------ Information given ------
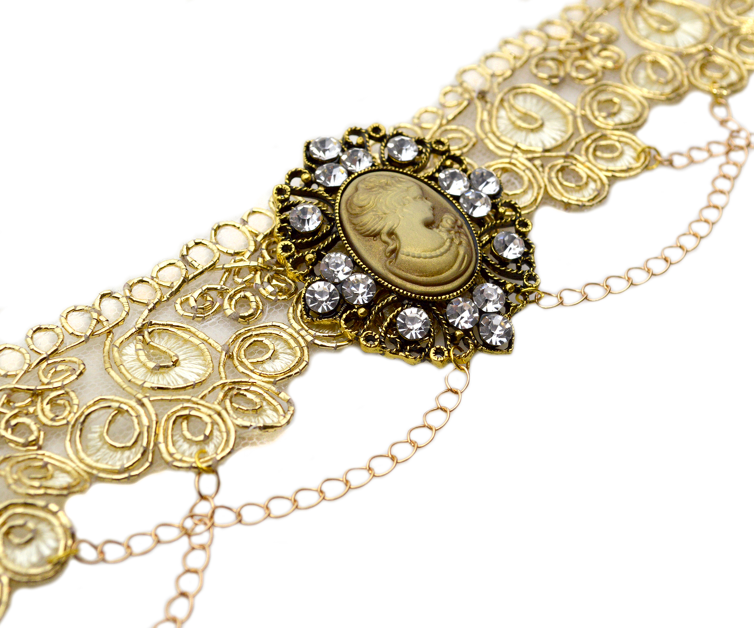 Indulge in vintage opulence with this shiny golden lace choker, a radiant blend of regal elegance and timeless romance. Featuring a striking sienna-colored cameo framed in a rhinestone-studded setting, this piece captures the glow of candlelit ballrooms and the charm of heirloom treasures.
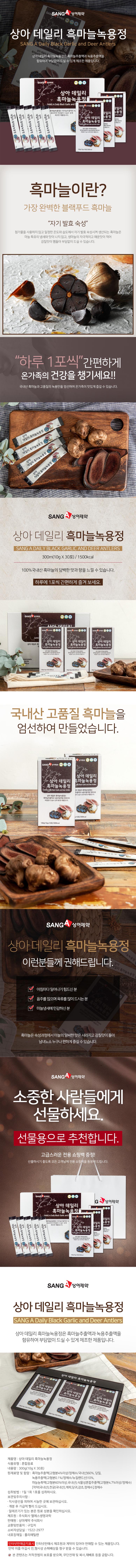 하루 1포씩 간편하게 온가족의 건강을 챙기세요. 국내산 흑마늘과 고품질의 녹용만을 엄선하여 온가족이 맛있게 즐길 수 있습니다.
------
------ Information given ------
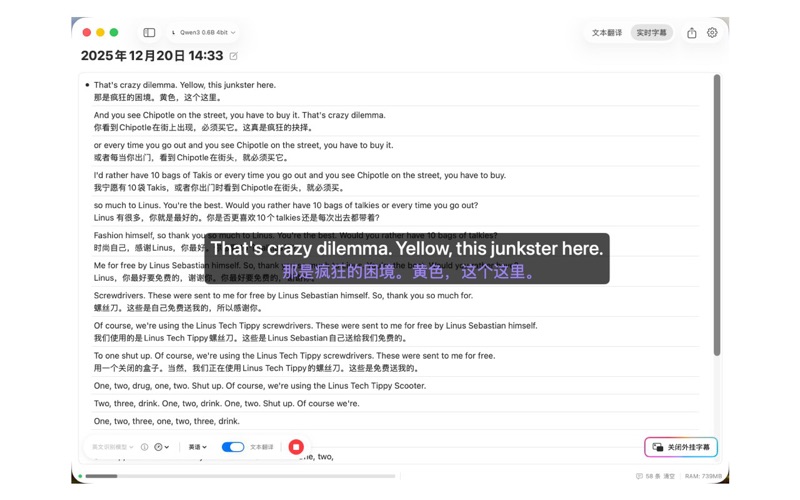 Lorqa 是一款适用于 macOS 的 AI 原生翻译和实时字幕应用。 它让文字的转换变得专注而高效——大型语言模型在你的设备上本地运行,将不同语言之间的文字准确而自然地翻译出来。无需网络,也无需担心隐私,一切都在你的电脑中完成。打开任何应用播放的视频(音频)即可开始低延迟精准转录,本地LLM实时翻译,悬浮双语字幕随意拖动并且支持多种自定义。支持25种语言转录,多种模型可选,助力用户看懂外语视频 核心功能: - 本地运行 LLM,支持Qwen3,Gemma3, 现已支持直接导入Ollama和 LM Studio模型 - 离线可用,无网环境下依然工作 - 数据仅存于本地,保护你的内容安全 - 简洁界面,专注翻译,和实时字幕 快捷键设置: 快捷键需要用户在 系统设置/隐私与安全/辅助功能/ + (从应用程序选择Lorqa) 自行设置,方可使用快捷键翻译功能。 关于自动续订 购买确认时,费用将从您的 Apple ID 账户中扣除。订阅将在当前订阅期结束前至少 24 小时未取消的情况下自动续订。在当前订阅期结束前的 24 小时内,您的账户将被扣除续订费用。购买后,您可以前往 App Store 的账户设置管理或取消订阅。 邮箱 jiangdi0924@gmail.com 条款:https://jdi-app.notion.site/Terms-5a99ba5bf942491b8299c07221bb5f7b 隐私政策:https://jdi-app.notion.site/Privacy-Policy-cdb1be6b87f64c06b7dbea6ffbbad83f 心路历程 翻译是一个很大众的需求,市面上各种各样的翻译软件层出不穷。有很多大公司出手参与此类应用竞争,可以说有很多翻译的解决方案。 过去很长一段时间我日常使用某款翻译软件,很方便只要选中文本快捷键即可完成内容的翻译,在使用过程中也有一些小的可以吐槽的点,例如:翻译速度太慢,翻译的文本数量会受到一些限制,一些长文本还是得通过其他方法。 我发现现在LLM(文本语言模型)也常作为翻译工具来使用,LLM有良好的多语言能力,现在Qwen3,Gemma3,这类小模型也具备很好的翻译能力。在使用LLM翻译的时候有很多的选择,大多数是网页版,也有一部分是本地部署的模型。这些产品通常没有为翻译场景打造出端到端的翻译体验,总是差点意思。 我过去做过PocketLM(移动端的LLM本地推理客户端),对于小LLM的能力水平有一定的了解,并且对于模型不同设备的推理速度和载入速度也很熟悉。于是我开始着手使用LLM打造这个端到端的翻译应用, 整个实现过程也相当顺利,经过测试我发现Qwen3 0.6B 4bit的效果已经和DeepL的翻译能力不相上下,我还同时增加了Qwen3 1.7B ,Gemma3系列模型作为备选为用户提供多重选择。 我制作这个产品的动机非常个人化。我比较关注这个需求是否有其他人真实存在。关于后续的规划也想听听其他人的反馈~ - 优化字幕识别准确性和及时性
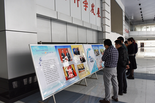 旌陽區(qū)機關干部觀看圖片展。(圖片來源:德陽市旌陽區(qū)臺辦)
------
------ Information given ------
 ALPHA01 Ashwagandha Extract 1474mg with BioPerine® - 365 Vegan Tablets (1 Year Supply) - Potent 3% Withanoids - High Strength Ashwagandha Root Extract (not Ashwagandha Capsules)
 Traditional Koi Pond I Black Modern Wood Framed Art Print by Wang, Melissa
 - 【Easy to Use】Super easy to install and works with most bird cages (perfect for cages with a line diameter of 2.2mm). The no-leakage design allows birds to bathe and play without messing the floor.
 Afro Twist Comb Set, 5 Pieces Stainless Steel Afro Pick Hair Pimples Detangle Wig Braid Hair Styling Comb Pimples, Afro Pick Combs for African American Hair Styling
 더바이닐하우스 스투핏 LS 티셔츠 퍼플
------
• [Task requirements] The copy should hold exactly the lines above from the one with "Indulge in vintage" through the one with "하루 1포씩 간편하게", both ends counted, and no pictures at all.

• [The answer]
 Indulge in vintage opulence with this shiny golden lace choker, a radiant blend of regal elegance and timeless romance. Featuring a striking sienna-colored cameo framed in a rhinestone-studded setting, this piece captures the glow of candlelit ballrooms and the charm of heirloom treasures.
 하루 1포씩 간편하게 온가족의 건강을 챙기세요. 국내산 흑마늘과 고품질의 녹용만을 엄선하여 온가족이 맛있게 즐길 수 있습니다.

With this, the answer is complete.